LETTER 507. TO LADY —— .
“Albaro, November 10. 1822.
“The Chevalier persisted in declaring himself an ill-used gentleman, and describing you as a kind of cold Calypso, who lead astray people of an amatory disposition without giving them any sort of compensation, contenting yourself, it seems, with only making one fool instead of two, which is the more approved method of proceeding on such occasions. For my part, I think you are quite right; and be assured from me that a woman (as society is constituted in England) who gives any advantage to a man may expect a lover, but will sooner or later find a tyrant; and this is not the man’s fault either, perhaps, but is the necessary and natural result of the circumstances of society, which, in fact, tyrannise over the man equally with the woman; that is to say, if either of them have any feeling or honour.
“You can write to me at your leisure and inclination. I have always laid it down as a maxim, and found it justified by experience, that a man and a woman make far better friendships than can exist between two of the same sex; but these with this condition, that they never have made, or are to make, love with each other. Lovers may, and, indeed, generally are enemies, but they never can be friends; because there must always be a spice of jealousy and a something of self in all their speculations.

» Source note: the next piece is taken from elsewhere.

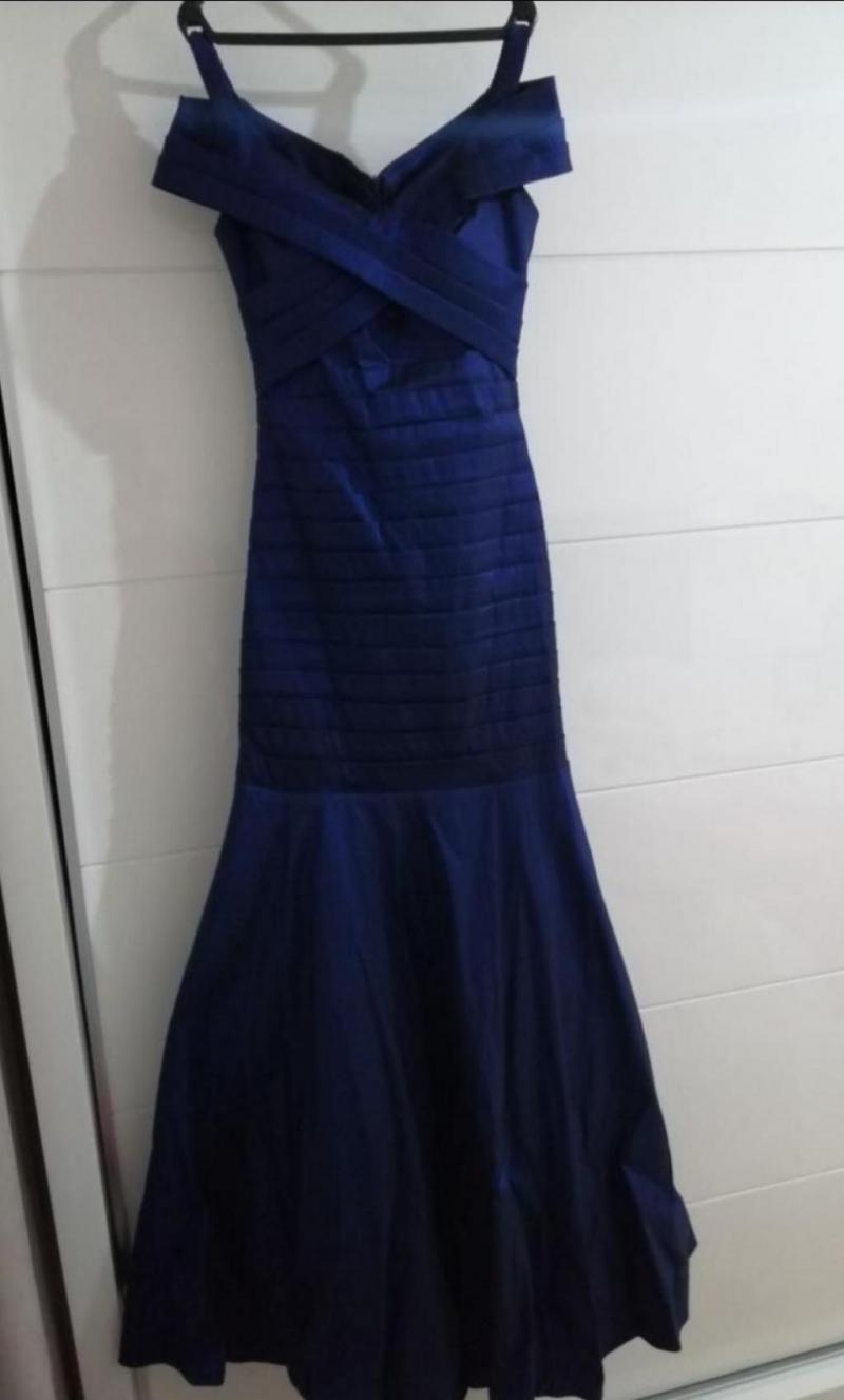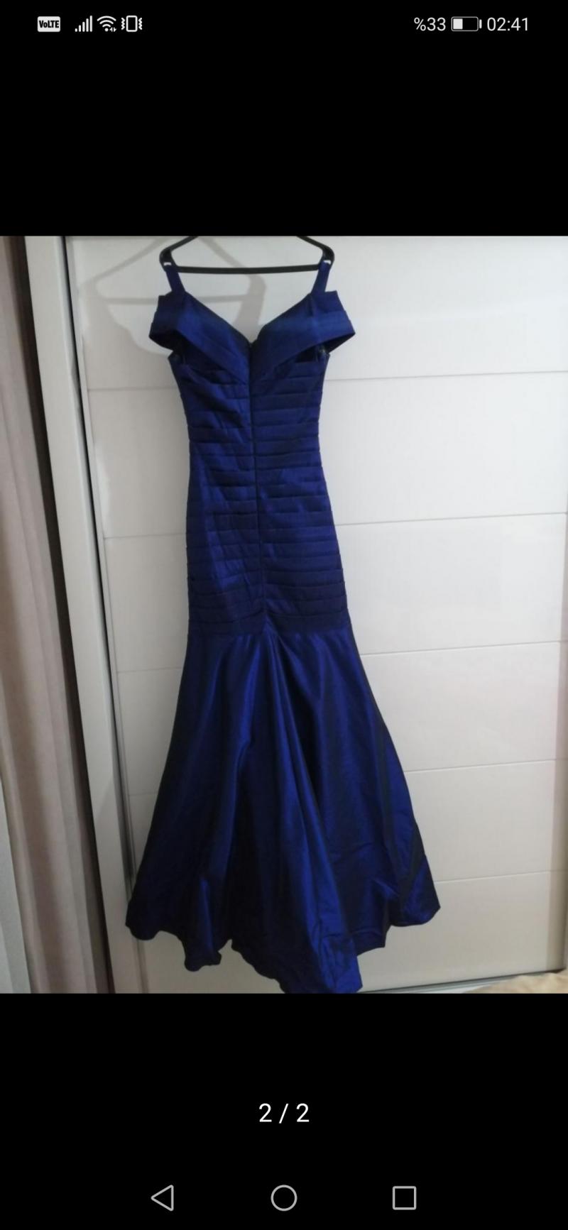 Balık model gece mavisi tafta kumaş şık gece elbisesi

“Indeed, I rather look upon love altogether as a sort of hostile transaction, very necessary to make or to break matches, and keep the world going, but by no means a sinecure to the parties concerned.
“Now, as my love perils are, I believe, pretty well over, and yours, by all accounts, are never to begin, we shall be the best friends imaginable, as far as both are concerned, and with this advantage, that we may both fall to loving right and left through all our acquaintance, without either sullenness or sorrow from that amiable passion which are its inseparable attendants.
“Believe me,” &c.
VOLUME VI.
LETTER 508. TO MR. MOORE.
“Genoa, February 20. 1823.
“My Dear Tom,
“I must again refer you to those two letters addressed to you at Passy before I read your speech in Galignani, &c., and which you do not seem to have received.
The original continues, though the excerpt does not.